Assignment: Repeat the data that follows in full. Do not include the pictures.

Information provided:

::::

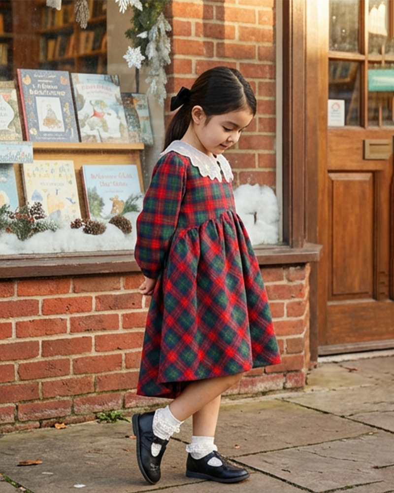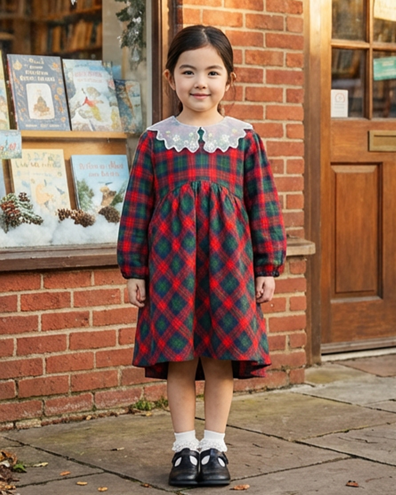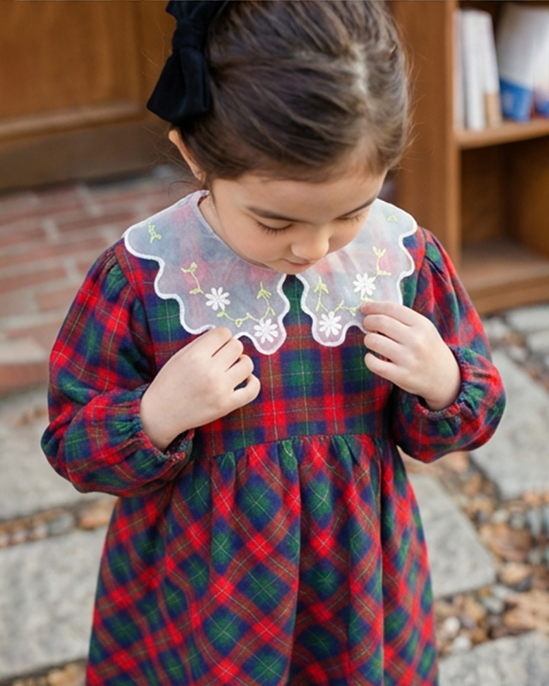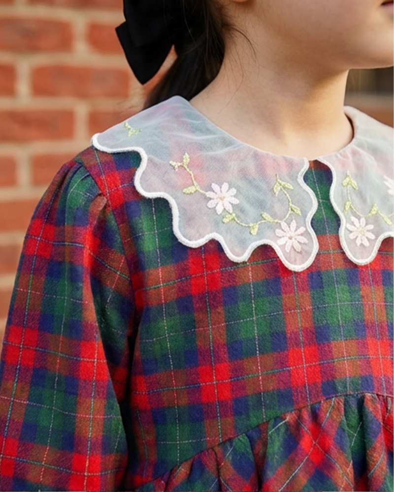 柯根紗刺繡領, 泡泡袖, 彎形腰線, 前短後長衫腳, 後中拉鏈開合, 傘裙, 格仔布
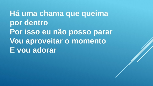 - Há uma chama que queima por dentroPor isso eu não posso pararVou aproveitar o momentoE vou adorar
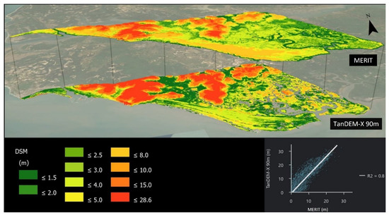 The TanDEM-X dataset is a Digital Surface Models (DSM), which means that the measured Earth’s surface height includes any surface objects, thus not representing the bare surface (or Digital Terrain Model (DTM)) [17]. Although, DSM are not the ideal datasets for flooding studies, they are the only available topographic dataset for several areas of the world, and a common typology of spaceborne global digital elevation models. Wessel [59] states that TanDEM-X 0.4 arc-second DEM presents a mean error of −0.17 m and RMSE of 1.29 m for kinematic GPS points and a mean error of 0.12 m and RMSE of 1.42 m for GPS-on-BM points; RMSE values for ground level in developed and forest areas show slightly higher deviations of ±1.4 m and ±1.8 m, respectively, whereas the low vegetation class remains with a RMSE of ±1.1 m. According to Hawker et al. [17], TanDEM-X 90 DEM, which is an average of the TanDEM-X 0.4 arc-second DEM, presents the best vertical accuracy results at floodplains for bare soil, shrubland, sparse vegetation, and urban land cover types, only surpassed by the MERIT dataset for short vegetation and tree coverage types. The same authors concluded that TanDEM-X 90 and MERIT have a similar accuracy, and both MERIT and TanDEM-X 90 are more accurate than SRTM, being the latter the most used DEM. Thus, TanDEM-X 90 presents a mean error of 1.06 m, mean absolute error of 1.74 m and RMSE of 3.16 m for floodplains [17]. Both TanDEM-X datasets present the best compromise between availability of data for the study area and accuracy. This is corroborated by Figure 2, where a comparison between the MERIT and the TanDEM-X 90 m DEMs for the area of Suzana is presented. Generally, can be observed that both DEMs are similar, with a R2 correlation of 0.8, but TanDEM-X presents higher values for higher areas and MERIT presents higher values for lower areas. Because both seem to correlate well and the original TanDEM-X dataset is more recent than MERIT, thus representing more truly coastal areas that are in constant change (e.g., sand spits), the TanDEM-X 90 m dataset was the one chosen to use for the Suzana section area.
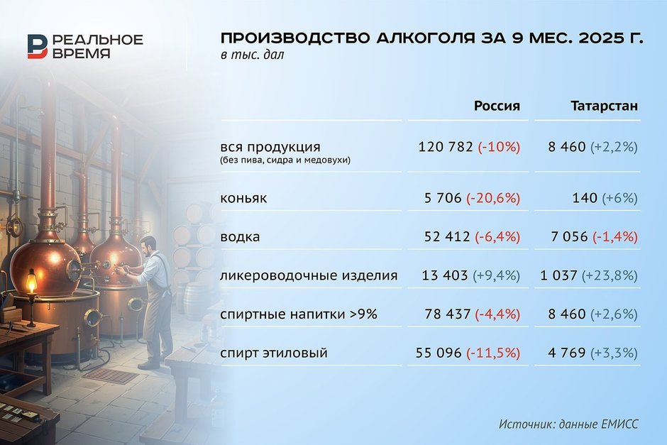 На фоне существенного падения выпуска алкогольной продукции в России по итогам девяти месяцев года Татарстан, напротив, продемонстрировал рост производства. В республике выпустили 8,5 млн декалитров алкоголя (+2,2%), на четверть нарастив выпуск ликеро-водочных изделий — 1,04 млн, и в целом спиртных напитков свыше 9 градусов — 8,5 млн (+2,6%). Но по продажам регион оказался в общем тренде по стране, допустив снижение до 4,05 млн дал (-9%). Эксперты связывают спад с избыточным прошлогодним производством и новым ростом цен, подробнее — в материале «Реального времени».

::::

Solved problem:
 柯根紗刺繡領, 泡泡袖, 彎形腰線, 前短後長衫腳, 後中拉鏈開合, 傘裙, 格仔布
 - Há uma chama que queima por dentroPor isso eu não posso pararVou aproveitar o momentoE vou adorar
 The TanDEM-X dataset is a Digital Surface Models (DSM), which means that the measured Earth’s surface height includes any surface objects, thus not representing the bare surface (or Digital Terrain Model (DTM)) [17]. Although, DSM are not the ideal datasets for flooding studies, they are the only available topographic dataset for several areas of the world, and a common typology of spaceborne global digital elevation models. Wessel [59] states that TanDEM-X 0.4 arc-second DEM presents a mean error of −0.17 m and RMSE of 1.29 m for kinematic GPS points and a mean error of 0.12 m and RMSE of 1.42 m for GPS-on-BM points; RMSE values for ground level in developed and forest areas show slightly higher deviations of ±1.4 m and ±1.8 m, respectively, whereas the low vegetation class remains with a RMSE of ±1.1 m. According to Hawker et al. [17], TanDEM-X 90 DEM, which is an average of the TanDEM-X 0.4 arc-second DEM, presents the best vertical accuracy results at floodplains for bare soil, shrubland, sparse vegetation, and urban land cover types, only surpassed by the MERIT dataset for short vegetation and tree coverage types. The same authors concluded that TanDEM-X 90 and MERIT have a similar accuracy, and both MERIT and TanDEM-X 90 are more accurate than SRTM, being the latter the most used DEM. Thus, TanDEM-X 90 presents a mean error of 1.06 m, mean absolute error of 1.74 m and RMSE of 3.16 m for floodplains [17]. Both TanDEM-X datasets present the best compromise between availability of data for the study area and accuracy. This is corroborated by Figure 2, where a comparison between the MERIT and the TanDEM-X 90 m DEMs for the area of Suzana is presented. Generally, can be observed that both DEMs are similar, with a R2 correlation of 0.8, but TanDEM-X presents higher values for higher areas and MERIT presents higher values for lower areas. Because both seem to correlate well and the original TanDEM-X dataset is more recent than MERIT, thus representing more truly coastal areas that are in constant change (e.g., sand spits), the TanDEM-X 90 m dataset was the one chosen to use for the Suzana section area.
 На фоне существенного падения выпуска алкогольной продукции в России по итогам девяти месяцев года Татарстан, напротив, продемонстрировал рост производства. В республике выпустили 8,5 млн декалитров алкоголя (+2,2%), на четверть нарастив выпуск ликеро-водочных изделий — 1,04 млн, и в целом спиртных напитков свыше 9 градусов — 8,5 млн (+2,6%). Но по продажам регион оказался в общем тренде по стране, допустив снижение до 4,05 млн дал (-9%). Эксперты связывают спад с избыточным прошлогодним производством и новым ростом цен, подробнее — в материале «Реального времени».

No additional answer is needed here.